Stored data entries
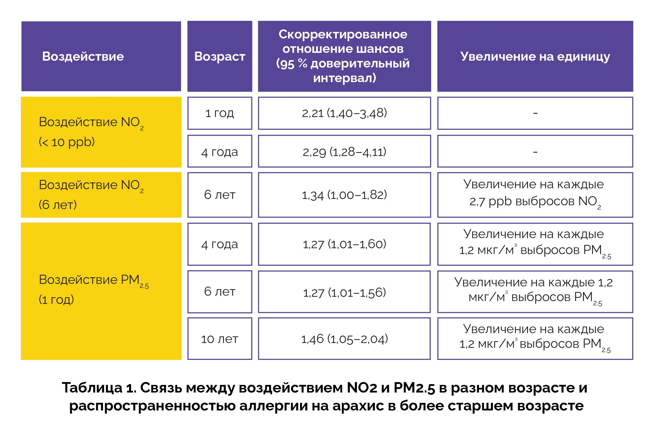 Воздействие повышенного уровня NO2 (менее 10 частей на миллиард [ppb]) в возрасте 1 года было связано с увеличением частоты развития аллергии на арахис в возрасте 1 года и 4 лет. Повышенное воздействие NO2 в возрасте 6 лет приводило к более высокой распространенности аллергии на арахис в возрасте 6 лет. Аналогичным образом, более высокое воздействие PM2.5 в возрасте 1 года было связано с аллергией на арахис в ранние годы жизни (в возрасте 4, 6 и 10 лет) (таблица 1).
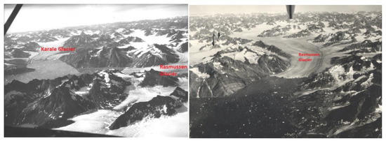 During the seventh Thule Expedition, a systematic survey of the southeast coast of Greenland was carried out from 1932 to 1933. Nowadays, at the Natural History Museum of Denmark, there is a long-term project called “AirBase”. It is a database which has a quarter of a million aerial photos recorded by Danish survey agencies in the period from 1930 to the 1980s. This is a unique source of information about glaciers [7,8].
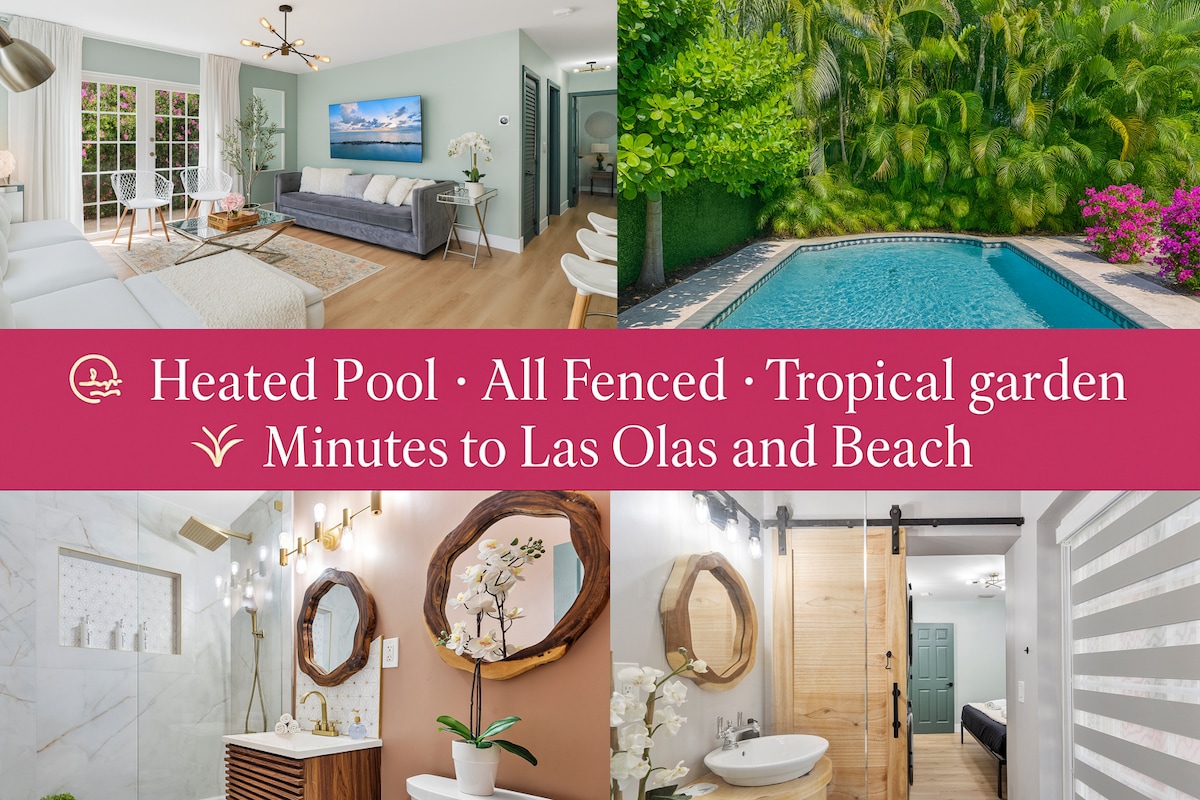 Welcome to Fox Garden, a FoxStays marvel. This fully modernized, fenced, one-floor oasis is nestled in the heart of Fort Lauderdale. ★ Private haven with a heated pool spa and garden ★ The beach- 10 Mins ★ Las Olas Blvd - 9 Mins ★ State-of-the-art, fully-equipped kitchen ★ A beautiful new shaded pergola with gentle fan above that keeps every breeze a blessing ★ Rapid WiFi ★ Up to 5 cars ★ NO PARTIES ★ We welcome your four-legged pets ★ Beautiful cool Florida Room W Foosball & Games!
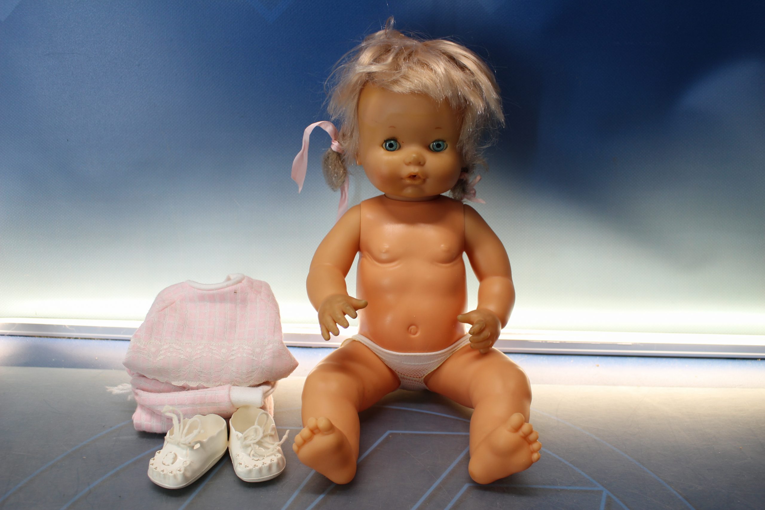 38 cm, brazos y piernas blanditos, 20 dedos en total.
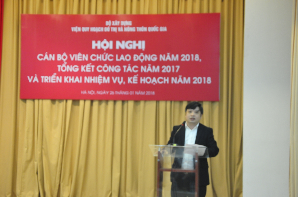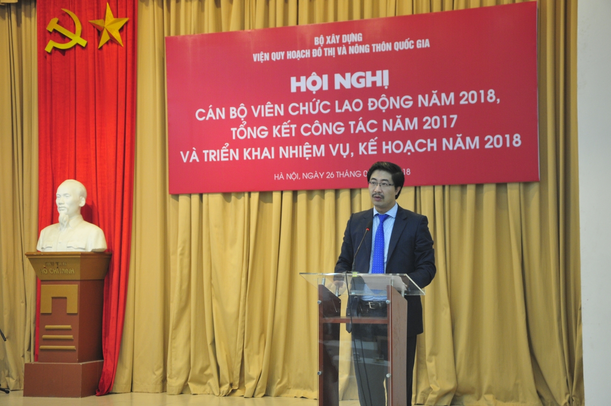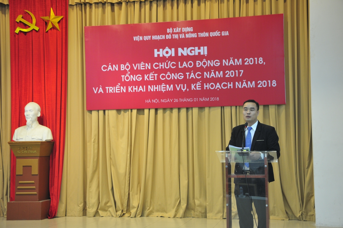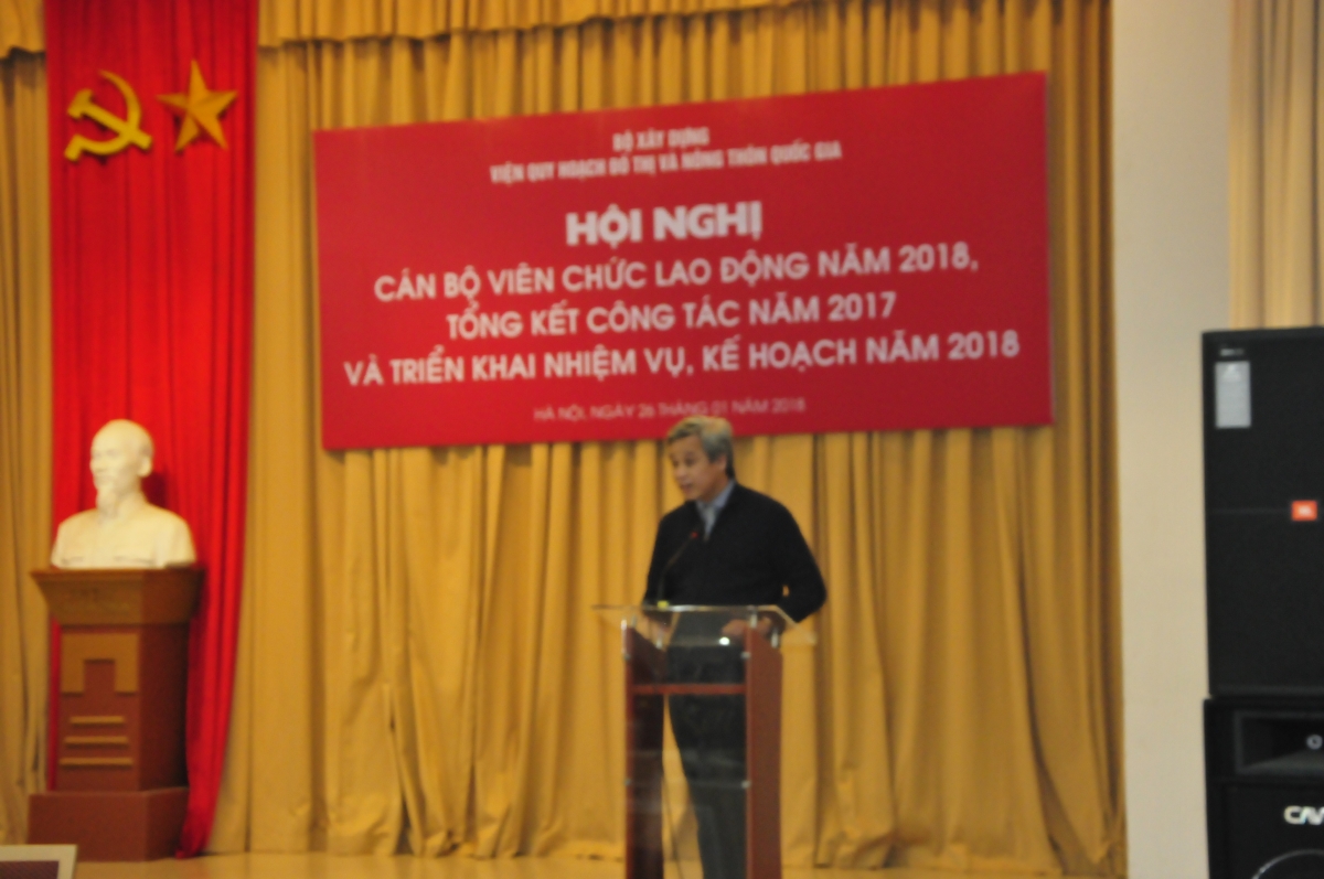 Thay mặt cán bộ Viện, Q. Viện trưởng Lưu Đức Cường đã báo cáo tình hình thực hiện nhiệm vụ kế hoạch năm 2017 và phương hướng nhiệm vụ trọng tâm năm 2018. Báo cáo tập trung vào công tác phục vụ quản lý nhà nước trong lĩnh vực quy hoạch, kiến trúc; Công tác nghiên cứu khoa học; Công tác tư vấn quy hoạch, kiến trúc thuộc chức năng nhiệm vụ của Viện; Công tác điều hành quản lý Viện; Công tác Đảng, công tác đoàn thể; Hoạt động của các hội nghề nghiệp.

■ EXERCISE PROMPT ■
Retype the entries word for word. Omit any images.

■ OUTPUT FOR THIS TASK ■
 Воздействие повышенного уровня NO2 (менее 10 частей на миллиард [ppb]) в возрасте 1 года было связано с увеличением частоты развития аллергии на арахис в возрасте 1 года и 4 лет. Повышенное воздействие NO2 в возрасте 6 лет приводило к более высокой распространенности аллергии на арахис в возрасте 6 лет. Аналогичным образом, более высокое воздействие PM2.5 в возрасте 1 года было связано с аллергией на арахис в ранние годы жизни (в возрасте 4, 6 и 10 лет) (таблица 1).
 During the seventh Thule Expedition, a systematic survey of the southeast coast of Greenland was carried out from 1932 to 1933. Nowadays, at the Natural History Museum of Denmark, there is a long-term project called “AirBase”. It is a database which has a quarter of a million aerial photos recorded by Danish survey agencies in the period from 1930 to the 1980s. This is a unique source of information about glaciers [7,8].
 Welcome to Fox Garden, a FoxStays marvel. This fully modernized, fenced, one-floor oasis is nestled in the heart of Fort Lauderdale. ★ Private haven with a heated pool spa and garden ★ The beach- 10 Mins ★ Las Olas Blvd - 9 Mins ★ State-of-the-art, fully-equipped kitchen ★ A beautiful new shaded pergola with gentle fan above that keeps every breeze a blessing ★ Rapid WiFi ★ Up to 5 cars ★ NO PARTIES ★ We welcome your four-legged pets ★ Beautiful cool Florida Room W Foosball & Games!
 38 cm, brazos y piernas blanditos, 20 dedos en total.
 Thay mặt cán bộ Viện, Q. Viện trưởng Lưu Đức Cường đã báo cáo tình hình thực hiện nhiệm vụ kế hoạch năm 2017 và phương hướng nhiệm vụ trọng tâm năm 2018. Báo cáo tập trung vào công tác phục vụ quản lý nhà nước trong lĩnh vực quy hoạch, kiến trúc; Công tác nghiên cứu khoa học; Công tác tư vấn quy hoạch, kiến trúc thuộc chức năng nhiệm vụ của Viện; Công tác điều hành quản lý Viện; Công tác Đảng, công tác đoàn thể; Hoạt động của các hội nghề nghiệp.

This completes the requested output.